─── SOURCE DATA

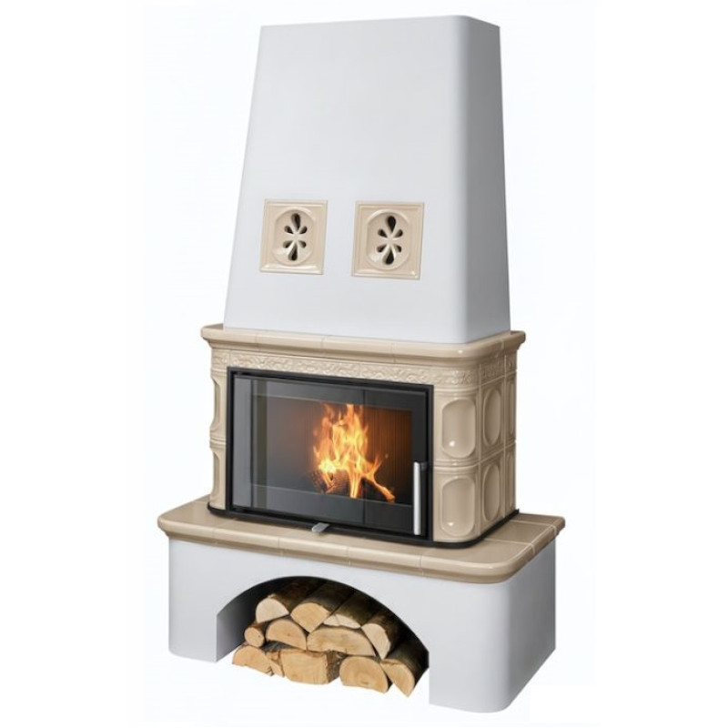 Kachlová kamna ABX Laponie exklusive, černý korpus, opláštění kachle písková
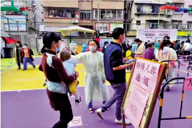 福田區蓮塘街道核酸檢測點專為老人、孕婦、兒童開闢優先通道,以縮短等待時間。部分臨時檢測點也在入口處,用廣播提醒老人孩子和孕婦等特殊人群,可以不用排隊,優先檢測。二胎寶媽胡女士5分鐘就完成了核酸檢測,檢測點開通的粉紅愛心通道,讓她感覺很暖心。
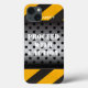 This black and yellow striped grunge pattern Proceed with Caution Case-Mate Barely There iPad Air Case has a FAUX silver grey grill on the centre with template text for you to add your company name, monogram, initials, name or other text. It makes a statement that tells people to keep away from your device! Get lots of compliments from friends, family, and customers with this unique custom case. If you need assistance, email niteowlstudio@gmail.com.
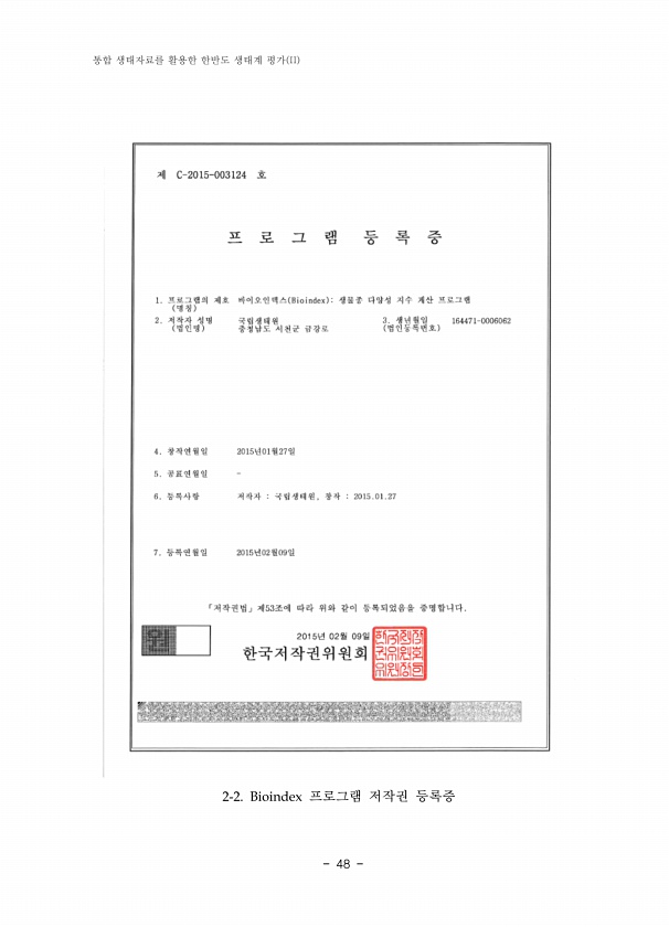 48 프로그램 저작권 등록증 통합 생태자료를 활용한 한반도 생태계 평가 II
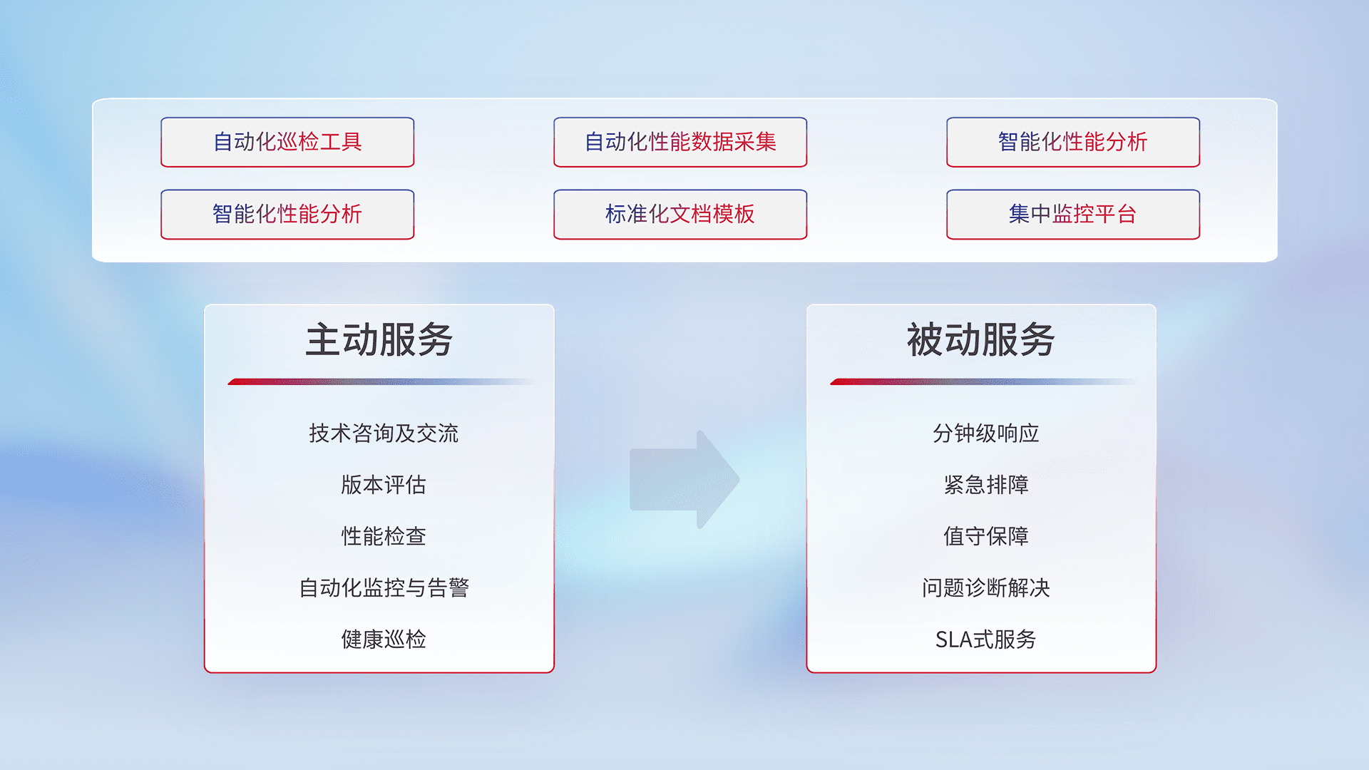 智能化工具和标准化文档,,保障服务质量,,,提供主动服务(包含技术咨询、、、、版本评估、、性能检查、、自动化监控与告警、、、健康巡检)和被动服务包含(分钟级响应、、、紧急排障、、值守保障、、、问题诊断解决、、、SLA服务)。。。

──────

**TASK OBJECTIVE:** Your answer must be exactly the lines from the one with "48 프로그램 저작권 등록증 통합 생태자료를 활용한 한반도 생태계 평가 II" through the final line of the data, with no pictures in it.

**TASK OUTPUT:**
 48 프로그램 저작권 등록증 통합 생태자료를 활용한 한반도 생태계 평가 II
 智能化工具和标准化文档,,保障服务质量,,,提供主动服务(包含技术咨询、、、、版本评估、、性能检查、、自动化监控与告警、、、健康巡检)和被动服务包含(分钟级响应、、、紧急排障、、值守保障、、、问题诊断解决、、、SLA服务)。。。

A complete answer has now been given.